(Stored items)
◆ ◆ ◆ ◆

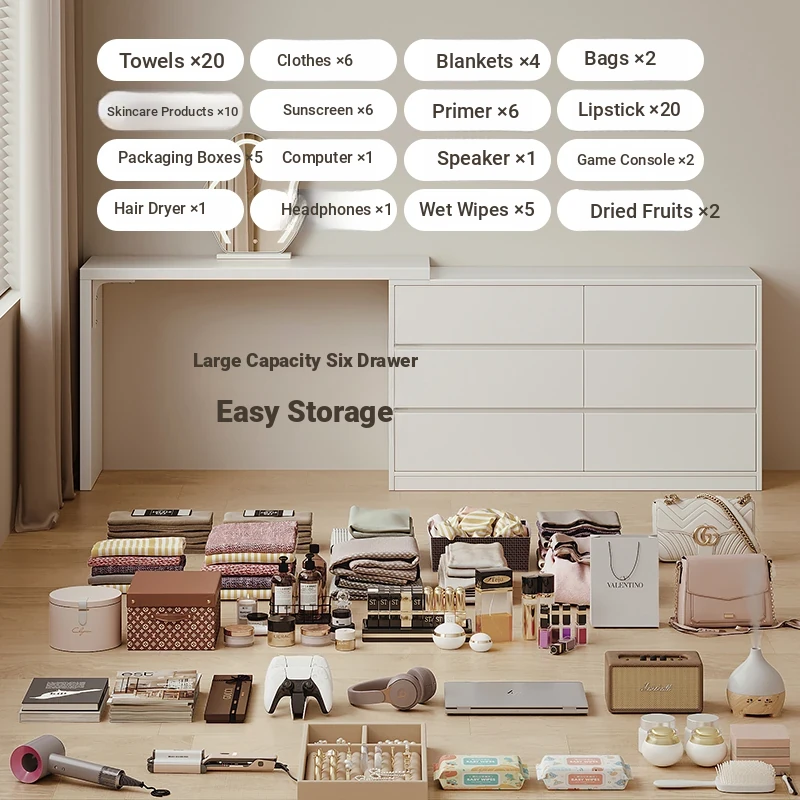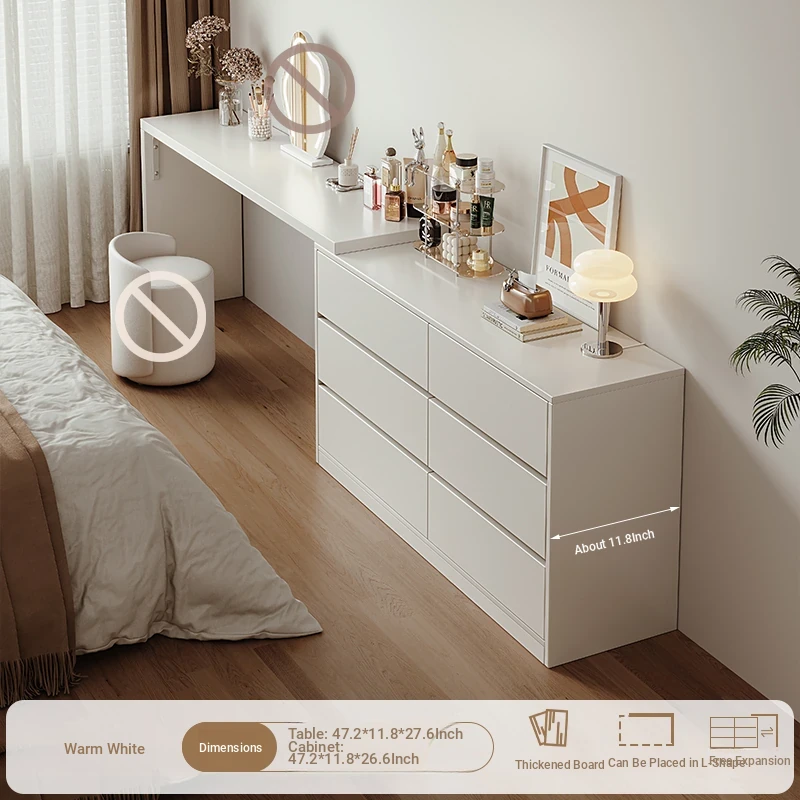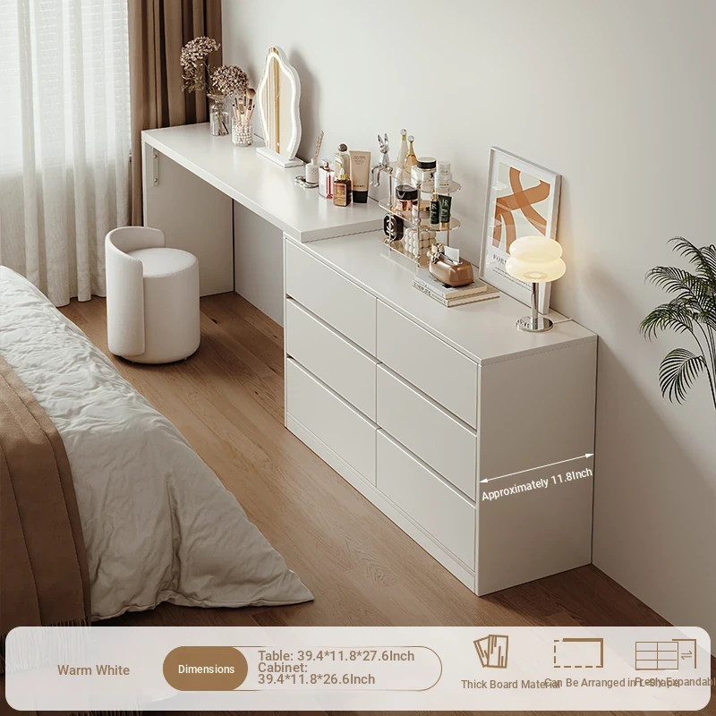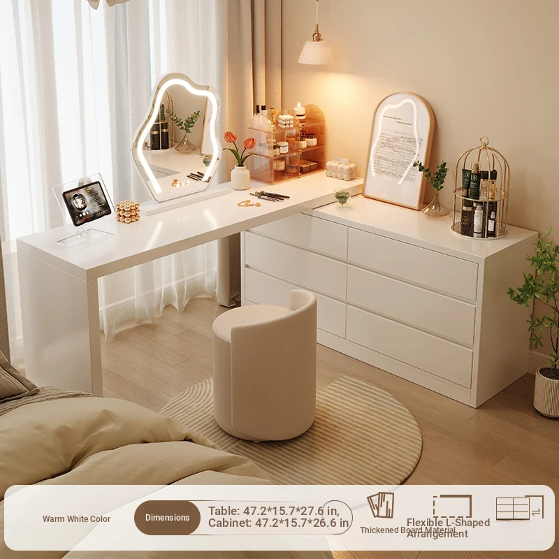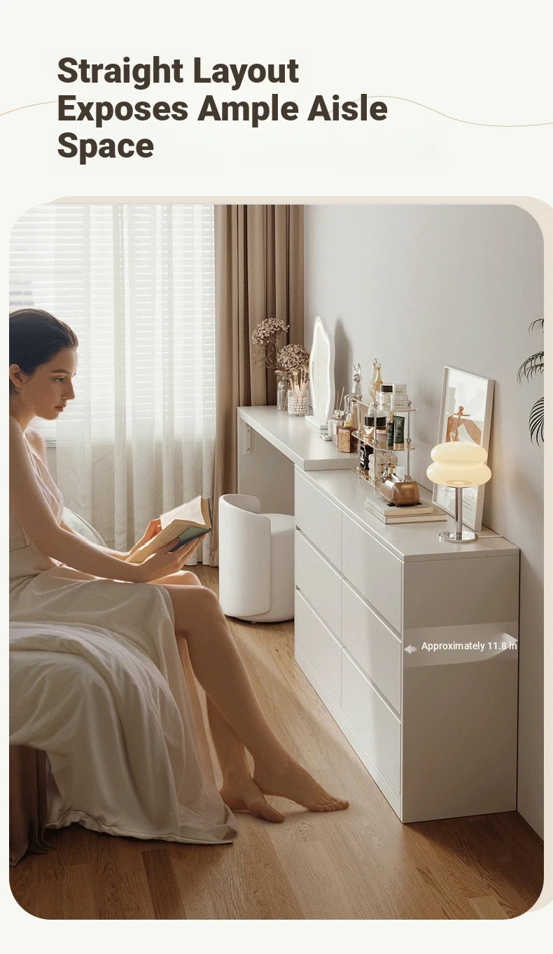 [15.75in Wide] [Cloud Mirror + Back Stool] 47.24in Table + 47.24in Six-Drawer Cabinet
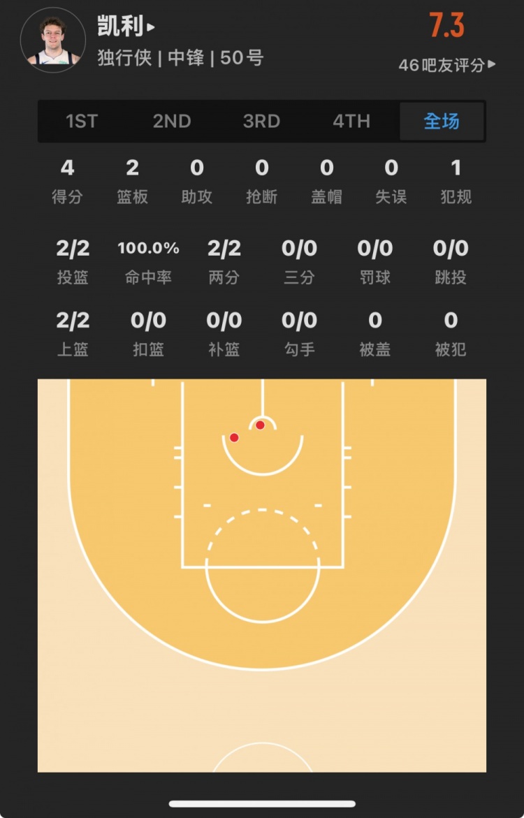 独行侠落选秀 凯勒-凯利 登场2.7分钟
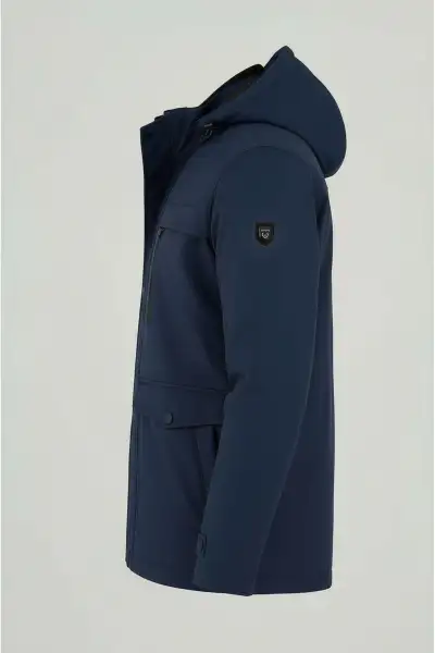 کاپشن مردانه کلاه قابل جدا ترکیب پنبه و پلی استر به رنگ سرمهای – 12291
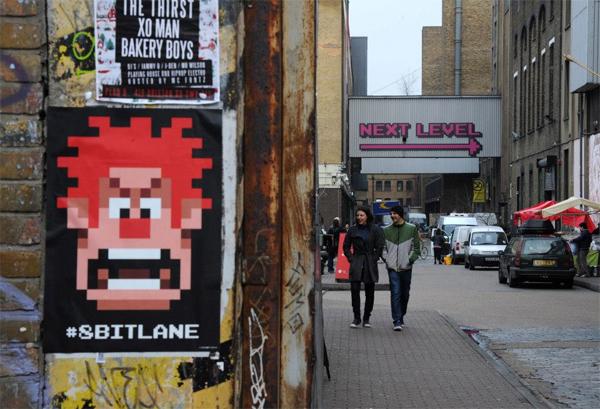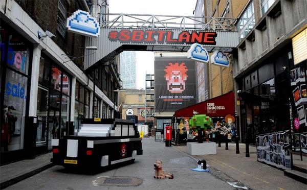 8-битная улица на лондонской Брик-Лэйн была создана в честь выхода «Ральфа» - смешного «диснеевского» мультика, премьера которого в Британии состоится 8 февраля 2013 года. Попав на Брик-Лэйн, публика смогла вдумчиво изучить 8-битное лондонское такси, почтовые ящики, голубя, облака, дерево, камеру видеонаблюдения и текущую водопроводную трубу.
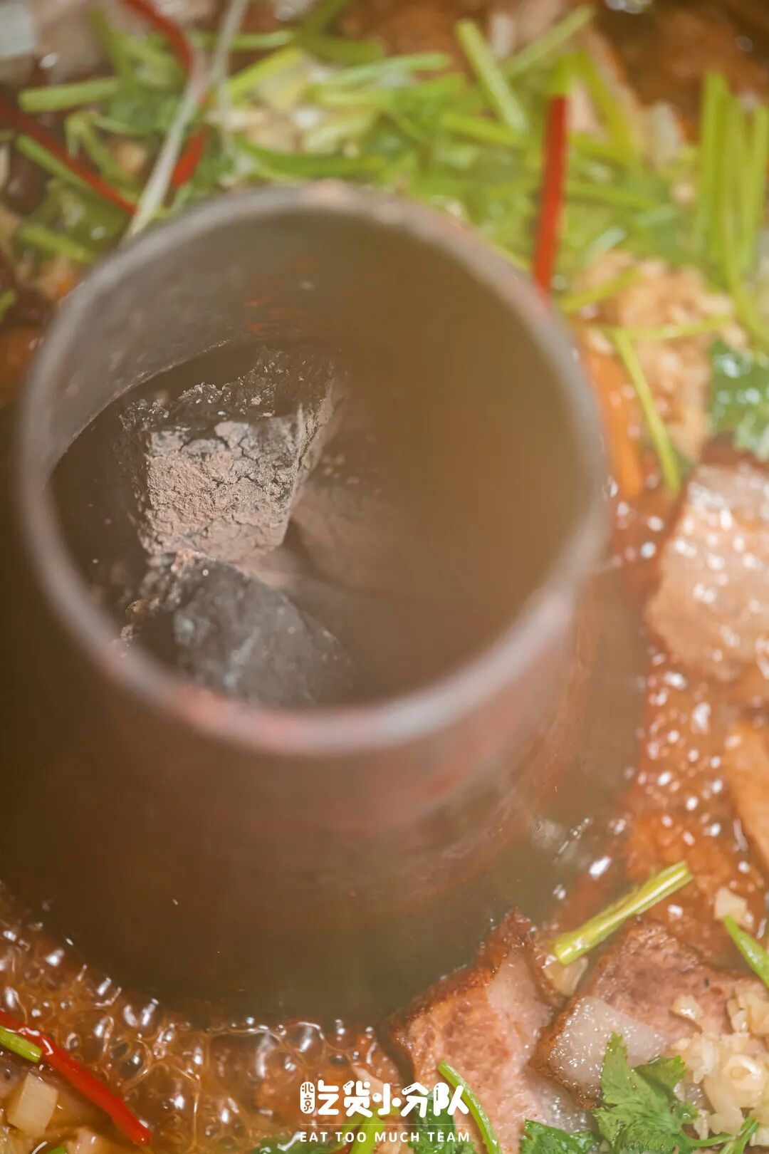 锅中间是炭火,烧得汤一直滚沸。店员阿姨还贴心地拿来一盆火锅原汤,觉得汤少了就可以自己加些进去。这个火锅整体是咸鲜口儿的,如果觉得清淡,可以要一碗辣椒油蘸着吃~
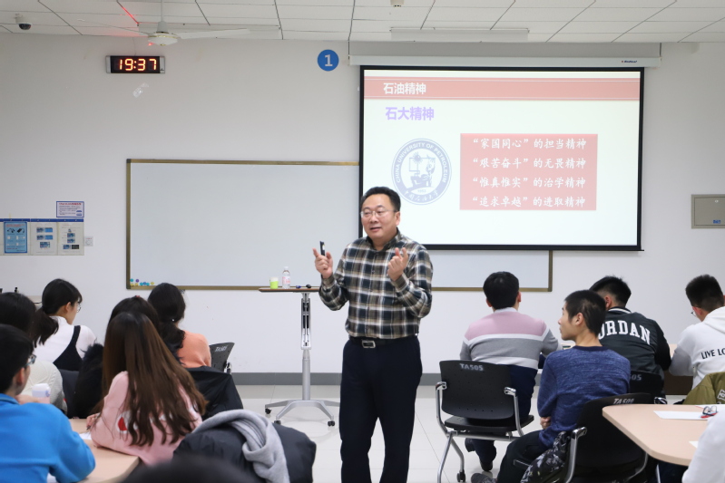 操董事长从“石油精神”、“石大精神”和“使命担当”三方面讲授,引导青年员工树立正确人生观价值观,铭记石大精神,练就过硬本领,报效伟大祖国。
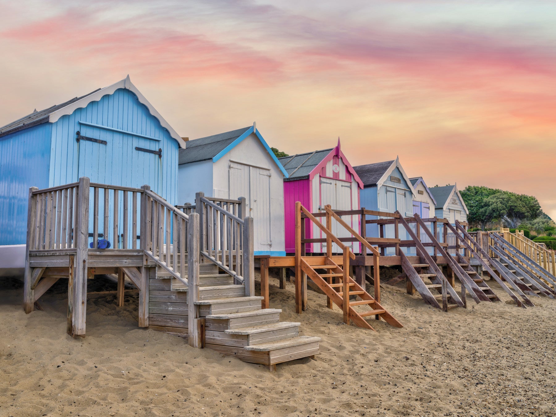Beach huts at dusk, Suffolk. Add a touch of seaside serenity to your home. This wallpaper for walls showcases a row of colorful beach huts. The pastel palette includes blues, pinks, and whites. Natural wood stairs complete the cozy scene. The image evokes a sense of tranquility. The gradient sky offers a serene backdrop. Perfect for bedrooms, bathrooms, or entryways, the scene establishes a peaceful mood. These huts inspire relaxation. The design complements interiors with a coastal aesthetic. It will instantly transport you.

◆ ◆ ◆ ◆

Write the records out exactly, dropping every image.

§ **WRITTEN REPLY**:
 [15.75in Wide] [Cloud Mirror + Back Stool] 47.24in Table + 47.24in Six-Drawer Cabinet
 独行侠落选秀 凯勒-凯利 登场2.7分钟
 کاپشن مردانه کلاه قابل جدا ترکیب پنبه و پلی استر به رنگ سرمهای – 12291
 8-битная улица на лондонской Брик-Лэйн была создана в честь выхода «Ральфа» - смешного «диснеевского» мультика, премьера которого в Британии состоится 8 февраля 2013 года. Попав на Брик-Лэйн, публика смогла вдумчиво изучить 8-битное лондонское такси, почтовые ящики, голубя, облака, дерево, камеру видеонаблюдения и текущую водопроводную трубу.
 锅中间是炭火,烧得汤一直滚沸。店员阿姨还贴心地拿来一盆火锅原汤,觉得汤少了就可以自己加些进去。这个火锅整体是咸鲜口儿的,如果觉得清淡,可以要一碗辣椒油蘸着吃~
 操董事长从“石油精神”、“石大精神”和“使命担当”三方面讲授,引导青年员工树立正确人生观价值观,铭记石大精神,练就过硬本领,报效伟大祖国。
Beach huts at dusk, Suffolk. Add a touch of seaside serenity to your home. This wallpaper for walls showcases a row of colorful beach huts. The pastel palette includes blues, pinks, and whites. Natural wood stairs complete the cozy scene. The image evokes a sense of tranquility. The gradient sky offers a serene backdrop. Perfect for bedrooms, bathrooms, or entryways, the scene establishes a peaceful mood. These huts inspire relaxation. The design complements interiors with a coastal aesthetic. It will instantly transport you.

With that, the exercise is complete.